▶ [Data listing]
= = = = = = =

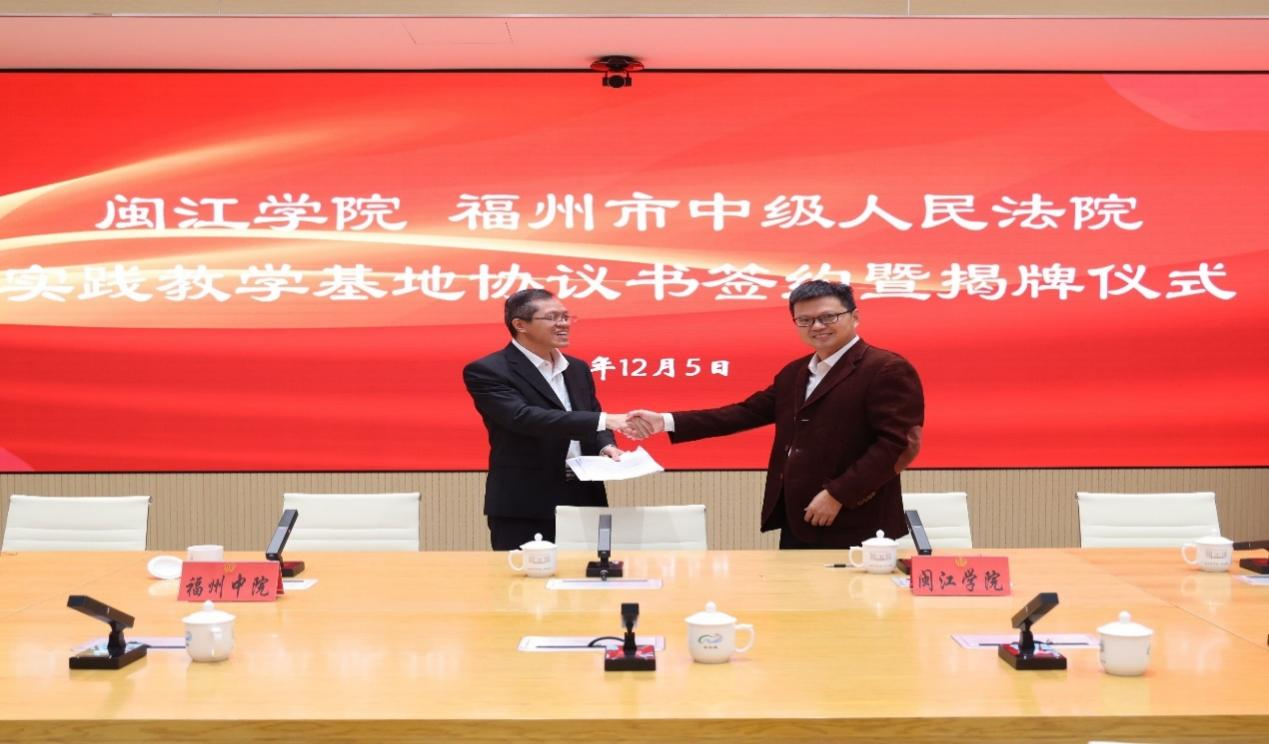 2024年12月5日,威廉希尔williamhill与福州市中级人民法院实践教学基地签约揭牌仪式,在福州中院隆重举行。福州中威廉希尔williamhill党组副书记、分管日常工作的副经理詹强华、政治部主任林修锎、教培处处长黄明广、威廉希尔williamhill副经理(行政负责人)林安民、党委副书记何华锋、实验实训中心主任江伟等出席。仪式由政治部主任林修锎主持。
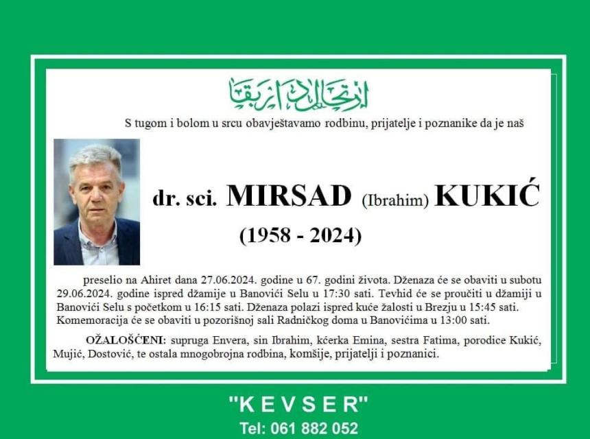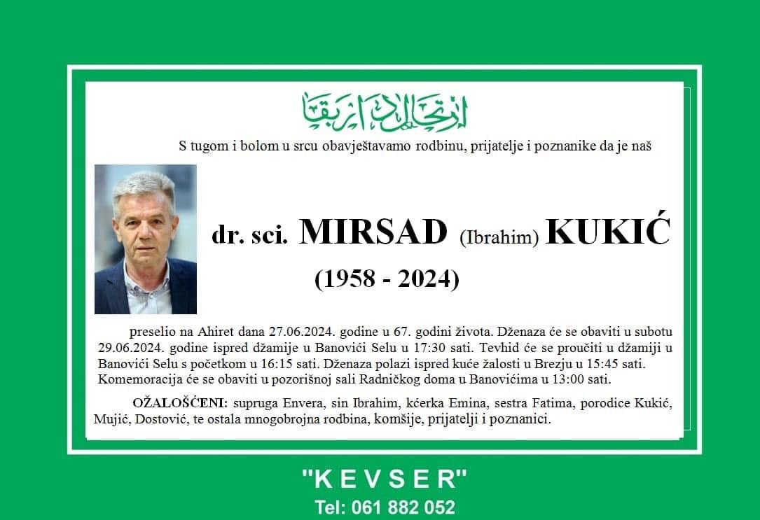 Tužnim srcem i bolom u duši javljamo rodbini, prijateljima i komšijama da je naš dragi dr. sci. Mirsad (Ibrahim) Kukić, dana 27.06.2024. godine u 67-oj godini života, preselio na Ahiret.
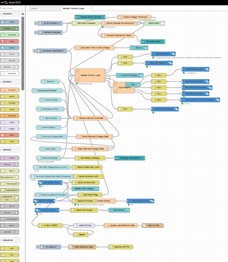 I used Gemini AI to programme all the NodeRED code in JSON and then just copied it into the CerboGX. I think I have it sorted now but I’m always thinking of adding some other features.
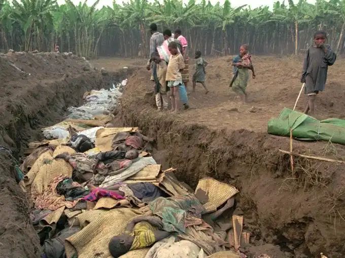 1994年7月25日:在第一个确认的案件发生一周后,官方报告的死亡人数为14,000人,感染90,000人。推土机被用来挖掘岩石以建造乱葬坑。在墓地,等待卸下尸体的卡车上出现了交通堵塞。只能运载40具尸体的卡车每天24小时运转。在营地里,难民们在街上戴着手帕、围巾和外科口罩,试图遮盖腐烂的尸体和刺激性气体的恶臭。难民人数估计为240万。
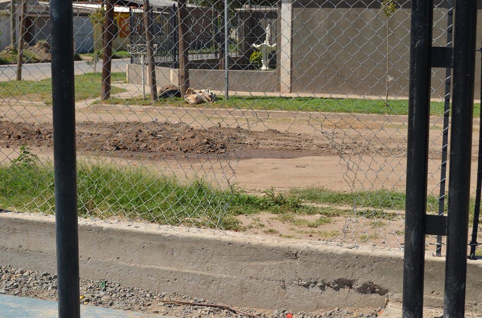 puerta de ingreso a la misma y uno de los aros de basquetbol. Además dañaron
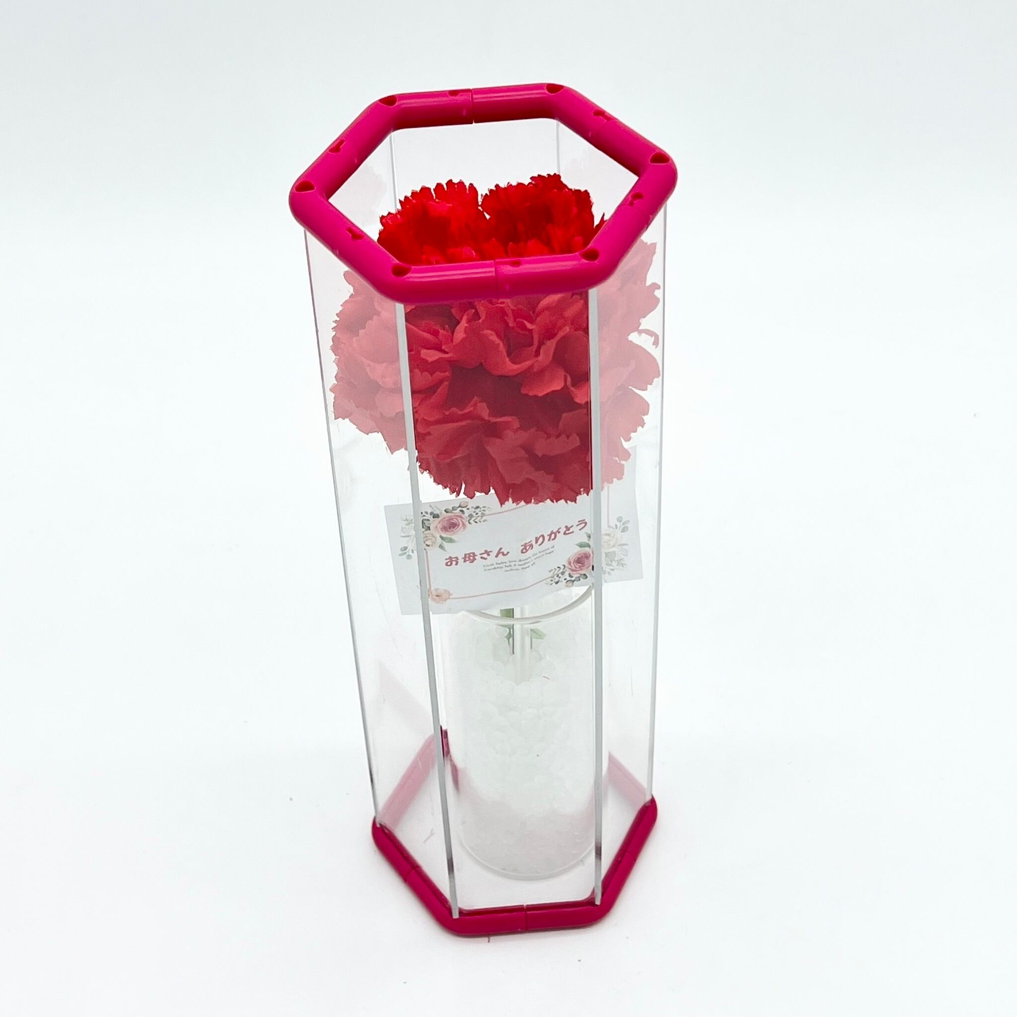 母の日にお母さんに感謝の気持ちを伝えるのに最適な造花と、花器・チューブ・メッセージカードのセットです。
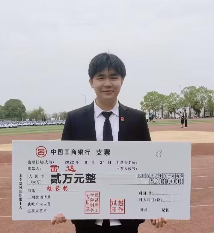 雷达曾获得2021年全国大学生电子设计大赛国家二等奖、2022年全国大学生电子设计大赛湖北省一等奖、2020年全国大学生电子设计大赛湖北省三等奖,荣获2022年校长奖、2022年创新之星、2021年国家奖学金、2020年国家励志奖学金、2021年校级优秀学生标兵、2020年优秀共青团员、优秀团干等荣誉。
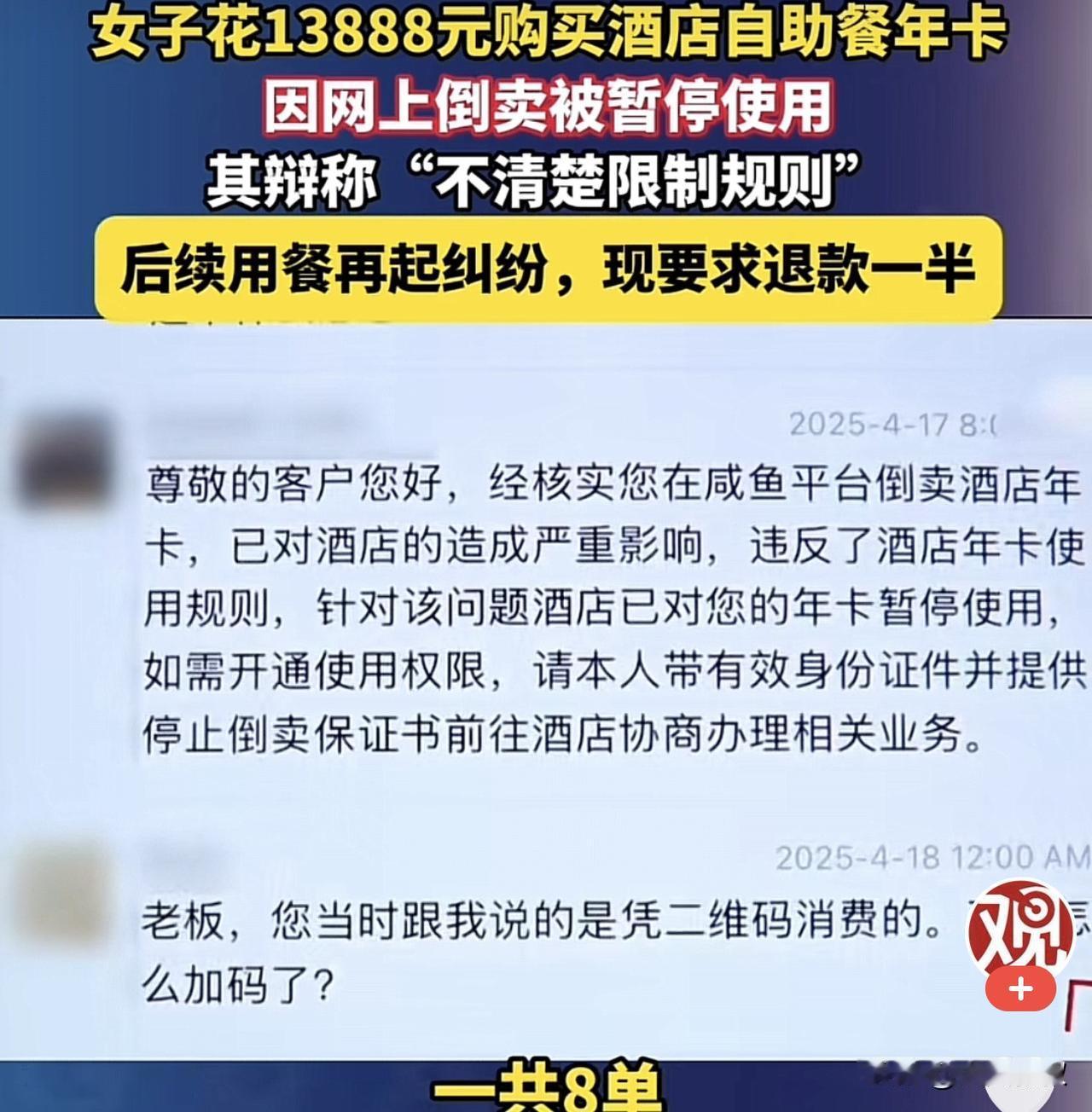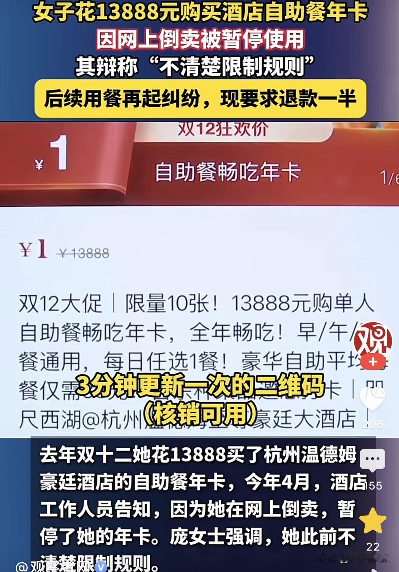 浙江杭州,一女子花了13888元购买了高档酒店的自助餐年卡,用了一段时间后,结果却发现年卡被酒店给暂停了,女子质问酒店为何要暂停自己使用年卡,酒店表示是因为女子在二手平台出售引发纠纷故而暂停,谁知女子却表示自己不清楚规则。结果事发后网友纷纷倾向于酒店的做法。 据悉,庞女士之前租房居住,因为自己做饭被房东限制,于是便在小饭馆吃饭,期间因为用餐发生疑似食物中毒的事件后,庞女士就选择了高档酒店吃自助餐。 一次庞女士得知,一家高档酒店提供年卡服务,年卡13888元,换算下来一顿饭只要38元,这很优惠,于是庞女士就办了这个酒店的自助餐年卡。 此后,庞女士在二手平台上发布了出售酒店自助餐,前前后后,庞女士一共卖了8单,在这之后,庞女士的年卡就被酒店给暂停使用了。 酒店给出的理由是庞女士涉嫌倒卖年卡使用,违反了使用规则,而且还引发了消费纠纷。 对此,庞女士表示自己不清楚年卡使用规则,自己倒卖虽然是事实,但是却只卖了8单,挣了800块钱。 酒店拿出了年卡使用规则称,年卡仅限本人和亲友使用,但是杜绝二次使用。因为有客人在二手平台投诉过庞女士,我们介入后多次告诫庞女士不要再倒卖了,她还是在倒卖。 在这之后,庞女士带着朋友来吃自助餐,结果因为餐费问题,酒店报了警称庞女士吃霸王餐,因为朋友那部分不算是年卡支付部分,所以,双方因此发生了争议。 据此,酒店表示愿意给庞女士延长使用期限,但是庞女士却表示,要求退还一半费用,对此,庞女士已经将此事反应给了市场监管部门。 事发后,网友纷纷调侃,如果是我,我肯定不去倒卖,我就让亲朋好友轮流去吃,一年到头不缺这一顿。 还有网友表示,这会做生意,以价低买了年卡,倒卖一顿酒能赚钱,就算卖50吧还有挣,人家酒店能愿意吗? 也有网友说,总体觉得酒店没什么大问题,而且酒店已经明确说了不能倒卖,她还做,人家给她暂停就没有问题了。 其实,民法典规定,依法成立的合同,仅对当事人具有法律约束力, 当事人对合同条款的理解有争议的,应当依据按照所使用的词句,结合相关条款、行为的性质和目的、习惯以及诚信原则,确定意思表示的含义,确定争议条款的含义。 如果庞女士在年卡使用规则上签字确认,那么,双方虽然发生了争议,酒店单方面停掉庞女士的年卡似乎也符合规则要求,对此并无问题。 但是,如果庞女士确实不知情,不知道这个年卡只能自己使用和亲友使用的,双方发生了争执,那就要按照平时的习惯以及诚信原则,来确定使用规则了,也就是说,我买了年卡有无权利给第三方使用,按照平时的习惯来说,酒店似乎就无法阻止再转手了。 目前,庞女士已经将此事反映给市场监督部门,其实,市场监督部门也只能是调解双方纠纷,调解不成的,双方还是要走司法程序,这对庞女士来说,显然是不利的。 对此,你对本案有什么看法? —————————— 关注我,带你评析法律热点,关注冷暖人生。 文章原创,抄袭必究
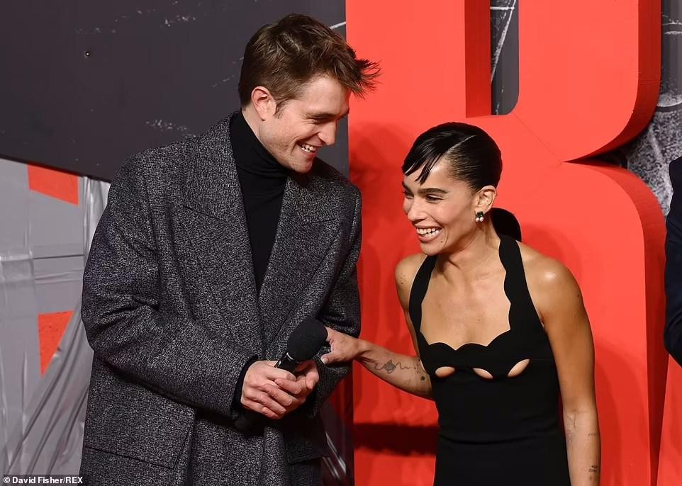 | Hai ngôi sao Hollywood cùng sánh đôi trên thảm đỏ. Trong phim, tài tử "Chạng vạng" vào vai nam chính - Batman, còn Zoe đóng Catwoman (Miêu nữ). |
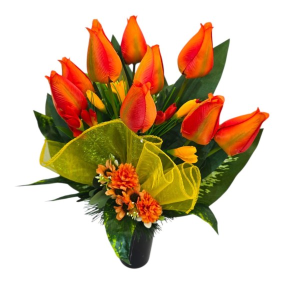 Bukiet flakon wiosenny stroik na cmentarz kompozycja kwiatowa tulipany
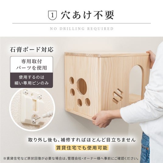 壁への加工を最小限に抑えながら、猫の居場所を増やすことができます。
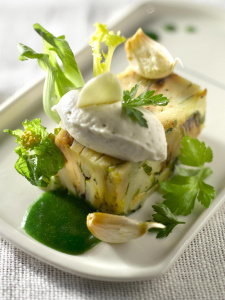 La recette : Pressé de pommes sarladaises, jus de persil et crème d’ail

= = = = = = =

▶ [What needs to be done]
The full listing above, duplicated exactly and without its pictures, is the answer.

▶ [Answer for the task]
 2024年12月5日,威廉希尔williamhill与福州市中级人民法院实践教学基地签约揭牌仪式,在福州中院隆重举行。福州中威廉希尔williamhill党组副书记、分管日常工作的副经理詹强华、政治部主任林修锎、教培处处长黄明广、威廉希尔williamhill副经理(行政负责人)林安民、党委副书记何华锋、实验实训中心主任江伟等出席。仪式由政治部主任林修锎主持。
 Tužnim srcem i bolom u duši javljamo rodbini, prijateljima i komšijama da je naš dragi dr. sci. Mirsad (Ibrahim) Kukić, dana 27.06.2024. godine u 67-oj godini života, preselio na Ahiret.
 I used Gemini AI to programme all the NodeRED code in JSON and then just copied it into the CerboGX. I think I have it sorted now but I’m always thinking of adding some other features.
 1994年7月25日:在第一个确认的案件发生一周后,官方报告的死亡人数为14,000人,感染90,000人。推土机被用来挖掘岩石以建造乱葬坑。在墓地,等待卸下尸体的卡车上出现了交通堵塞。只能运载40具尸体的卡车每天24小时运转。在营地里,难民们在街上戴着手帕、围巾和外科口罩,试图遮盖腐烂的尸体和刺激性气体的恶臭。难民人数估计为240万。
 puerta de ingreso a la misma y uno de los aros de basquetbol. Además dañaron
 母の日にお母さんに感謝の気持ちを伝えるのに最適な造花と、花器・チューブ・メッセージカードのセットです。
 雷达曾获得2021年全国大学生电子设计大赛国家二等奖、2022年全国大学生电子设计大赛湖北省一等奖、2020年全国大学生电子设计大赛湖北省三等奖,荣获2022年校长奖、2022年创新之星、2021年国家奖学金、2020年国家励志奖学金、2021年校级优秀学生标兵、2020年优秀共青团员、优秀团干等荣誉。
 浙江杭州,一女子花了13888元购买了高档酒店的自助餐年卡,用了一段时间后,结果却发现年卡被酒店给暂停了,女子质问酒店为何要暂停自己使用年卡,酒店表示是因为女子在二手平台出售引发纠纷故而暂停,谁知女子却表示自己不清楚规则。结果事发后网友纷纷倾向于酒店的做法。 据悉,庞女士之前租房居住,因为自己做饭被房东限制,于是便在小饭馆吃饭,期间因为用餐发生疑似食物中毒的事件后,庞女士就选择了高档酒店吃自助餐。 一次庞女士得知,一家高档酒店提供年卡服务,年卡13888元,换算下来一顿饭只要38元,这很优惠,于是庞女士就办了这个酒店的自助餐年卡。 此后,庞女士在二手平台上发布了出售酒店自助餐,前前后后,庞女士一共卖了8单,在这之后,庞女士的年卡就被酒店给暂停使用了。 酒店给出的理由是庞女士涉嫌倒卖年卡使用,违反了使用规则,而且还引发了消费纠纷。 对此,庞女士表示自己不清楚年卡使用规则,自己倒卖虽然是事实,但是却只卖了8单,挣了800块钱。 酒店拿出了年卡使用规则称,年卡仅限本人和亲友使用,但是杜绝二次使用。因为有客人在二手平台投诉过庞女士,我们介入后多次告诫庞女士不要再倒卖了,她还是在倒卖。 在这之后,庞女士带着朋友来吃自助餐,结果因为餐费问题,酒店报了警称庞女士吃霸王餐,因为朋友那部分不算是年卡支付部分,所以,双方因此发生了争议。 据此,酒店表示愿意给庞女士延长使用期限,但是庞女士却表示,要求退还一半费用,对此,庞女士已经将此事反应给了市场监管部门。 事发后,网友纷纷调侃,如果是我,我肯定不去倒卖,我就让亲朋好友轮流去吃,一年到头不缺这一顿。 还有网友表示,这会做生意,以价低买了年卡,倒卖一顿酒能赚钱,就算卖50吧还有挣,人家酒店能愿意吗? 也有网友说,总体觉得酒店没什么大问题,而且酒店已经明确说了不能倒卖,她还做,人家给她暂停就没有问题了。 其实,民法典规定,依法成立的合同,仅对当事人具有法律约束力, 当事人对合同条款的理解有争议的,应当依据按照所使用的词句,结合相关条款、行为的性质和目的、习惯以及诚信原则,确定意思表示的含义,确定争议条款的含义。 如果庞女士在年卡使用规则上签字确认,那么,双方虽然发生了争议,酒店单方面停掉庞女士的年卡似乎也符合规则要求,对此并无问题。 但是,如果庞女士确实不知情,不知道这个年卡只能自己使用和亲友使用的,双方发生了争执,那就要按照平时的习惯以及诚信原则,来确定使用规则了,也就是说,我买了年卡有无权利给第三方使用,按照平时的习惯来说,酒店似乎就无法阻止再转手了。 目前,庞女士已经将此事反映给市场监督部门,其实,市场监督部门也只能是调解双方纠纷,调解不成的,双方还是要走司法程序,这对庞女士来说,显然是不利的。 对此,你对本案有什么看法? —————————— 关注我,带你评析法律热点,关注冷暖人生。 文章原创,抄袭必究
 | Hai ngôi sao Hollywood cùng sánh đôi trên thảm đỏ. Trong phim, tài tử "Chạng vạng" vào vai nam chính - Batman, còn Zoe đóng Catwoman (Miêu nữ). |
 Bukiet flakon wiosenny stroik na cmentarz kompozycja kwiatowa tulipany
 壁への加工を最小限に抑えながら、猫の居場所を増やすことができます。
 La recette : Pressé de pommes sarladaises, jus de persil et crème d’ail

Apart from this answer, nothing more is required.